Wednesday, April 16, 2008

...perhaps I should explain


…..what I meant by “The Good Humor Man.” Last year, when we first moved to the charming burg of Callaghan, we watched a DVD of an old movie – in the “post WWII-war movie” genre – entitled “Operation Petticoat.” We had made the decision not to get satellite here in our rural abode, and even with rabbit ears on the TV, our reception is cloudy at best. We probably watched a total of 3 hours of network television before we gave it up. And that was because I hadn’t discovered that LOST is available on-line. Anyways, we watched “Operation Petticoat” (or “The Pink Submarine” as Hannah calls it) about five times in as many days. (Our video/DVD collection has since expanded.)

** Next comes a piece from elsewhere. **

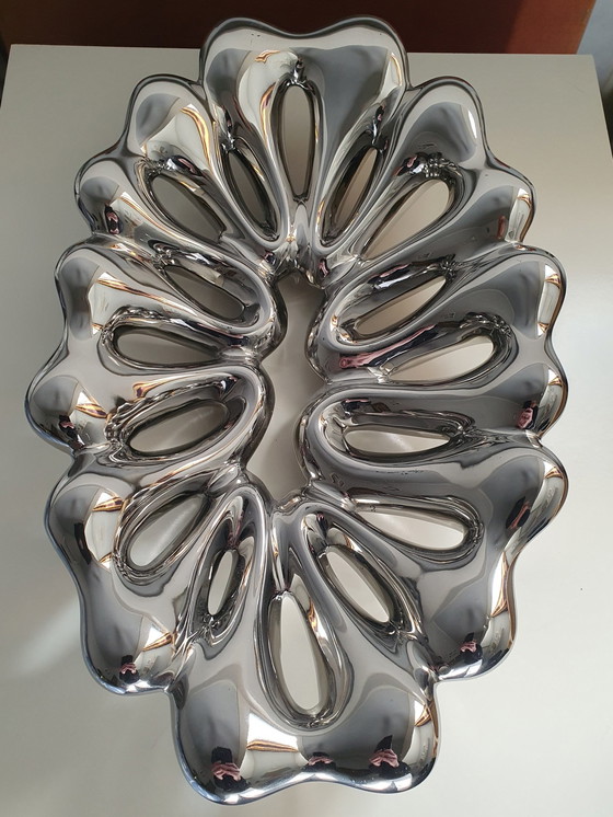 Schöne Design-Schale aus Keramik. Farbe: Silber, durchbrochen. Abmessungen: B40cm, T25cm, H8cm. In sehr sauberem Zustand, wenige kleine Kratzer (siehe Fotos).

Operation Petticoat is a 1959 movie starring Carry Grant and Tony Curtis, directed by Blake Edwards. It’s probably not “G” rated, but at most PG – there’s no language, but some innuendo. Early in the movie there’s a scene where Tony Curtis’ character reports for duty to the Tigerfish dressed in his dress whites. It’s two weeks after Pearl Harbor and he stands out like a sore thumb among all the men in their dirty, worn and torn uniforms (and no uniforms at all). The chief on board spots him on the dock through the periscope and exclaims, “It looks like the Good Humor Man!”
Of all the lines in this very funny movie, Hannah picked up on that one and INSISTS we call her the Good Humor Man, or “Humor” for short. I’ll call her from the other room, for instance, and she’ll holler back, “No, I’m The Good Humor Man!” When she’s in the mood, she won’t come until I call her by the appropriate title. We were out at the Wall-Mart a couple weeks ago (pre-restriction days) and someone said, “What a pretty little girl you have. What is your name, sweetie?” I about fell over when she said, “Good Humor Man.” The lady looked at me, cocked her head and kind of smirked as she stalked off. Oh boy. And I am trying SO HARD to make a good impression in my new hometown.